While there are still some who deny the facts, repudiate the outcomes of the Cartwright Inquiry, and seek to all but canonise Herbert Green, by and large, the ‘unfortunate experiment’ has been a lesson reasonably well learned and has changed the ethics around medical research in this country. RANZCOG, the former Auckland District Health Board and former Prime Minister Jacinda Ardern all issued public apologies.

What is missing from Carl Elliott’s book is that the victims of Herbert Green’s unethical and abhorrent experiments – and the whistleblowers who ensured that what he did was exposed and addressed in a formal inquiry – are not forgotten, even 36 years after the Inquiry. Unlike many victims in the other stories, the legacy that whistleblowers Ron Jones, Jock McLean and Bill MacIndoe (together with Sandra Coney and Phillida Bunkle) have left, is that the victims are remembered. They are remembered every year on the 5th of August, the anniversary of the release of the Cartwright Report. The Auckland Women’s Health Council and the Cartwright Collective, and other organisations such as the Maternity Services Consumer Council, have, over the last 36 years, made a pilgrimage to the old National Women’s Hospital to remember what the women endured, the loss of life, and the sacrifice of their families, and of the men who tried to stand up to Herbert Green and who ultimately spoke out irrespective of the impact that might have on their lives and reputations.

Each year we hold space for those who were so badly affected by Herbert Green’s unethical medical experiment.

Carl Elliott knew of our pilgrimage to the old National Women’s Hospital at Greenlane every year. He told me in an email discussing his New York Times essay (see the reprint in our Newsletter here), his book and talk on the 5th of August that one of our Committee members had sent him some photos and told him about our annual gathering and commemoration. He said:  

“I found it incredibly moving. I don’t know of anything like that happening anywhere else in the world.”

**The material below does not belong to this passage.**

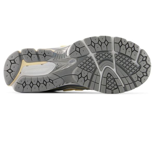 - Der graue Turnschuh von New Balance ist aus Leder, Textil und Gummi gefertigt.
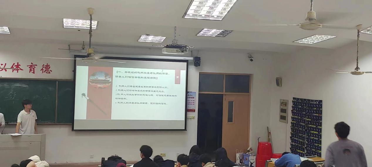 班会上,各班级首先观看反邪教教育动漫视频短片无邪兔降魔记,并讲解“法轮功”“全能神”和“门徒会”等邪教组织危害社会的真实案例让在场的同学们深刻感受到了邪教对个人、家庭和社会的巨大危害。接着,班会进入小组讨论环节。每组同学围绕“如何判断一个组织是否是邪教?“邪教是如何进行欺骗的?”等议题展开了激烈的讨论。在讨论过程中,同学们积极发言,交流观点,相互启发,进一步加深同学们对邪教的认识,提高了识别和防范邪教的能力。

I would like to think that medical research abuses such as those Carl Elliott covers in his book are well in the past and could not happen today. However, the horrific events at the Karolinska Institute occurred quite recently, between 2011 and 2016. We must stay vigilant; we must not be complacent, thinking that it would be impossible for such shocking abuses of patients to happen again, even in Aoteroa New Zealand. While patient rights have improved since the Cartright Inquiry, there are still grey areas regarding the involvement of patients in medical research, especially patients that are unconscious or incapacitated, and this very issue is included in the current Health and Disability Commissioner review of the Act and Code of Health and Disability Services Consumers’ Rights. Since the Helsinki Declaration in 1964, which is a statement of ethical principles for medical research involving human subjects, the participation of human beings in medical research without their knowledge or consent has been prohibited. Yet, formalised, ratified prohibition at an international level has not prevented such abuses from happening here and overseas.

We must remain vigilant.

 

“Let not anyone pacify his conscience by the delusion that he can do no harm if he takes no part, and forms no opinion. Bad men need nothing more to compass their ends, than that good men should look on and do nothing.”

— John Stuart Mill, 1867

[1]     Bhoopatkar H, et al., 2022: Adherence to a national consensus statement on informed consent: medical students’ experience of obtaining informed consent from patients for sensitive examinations, New Zealand Medical Journal, 2022 May 20; 135(1555).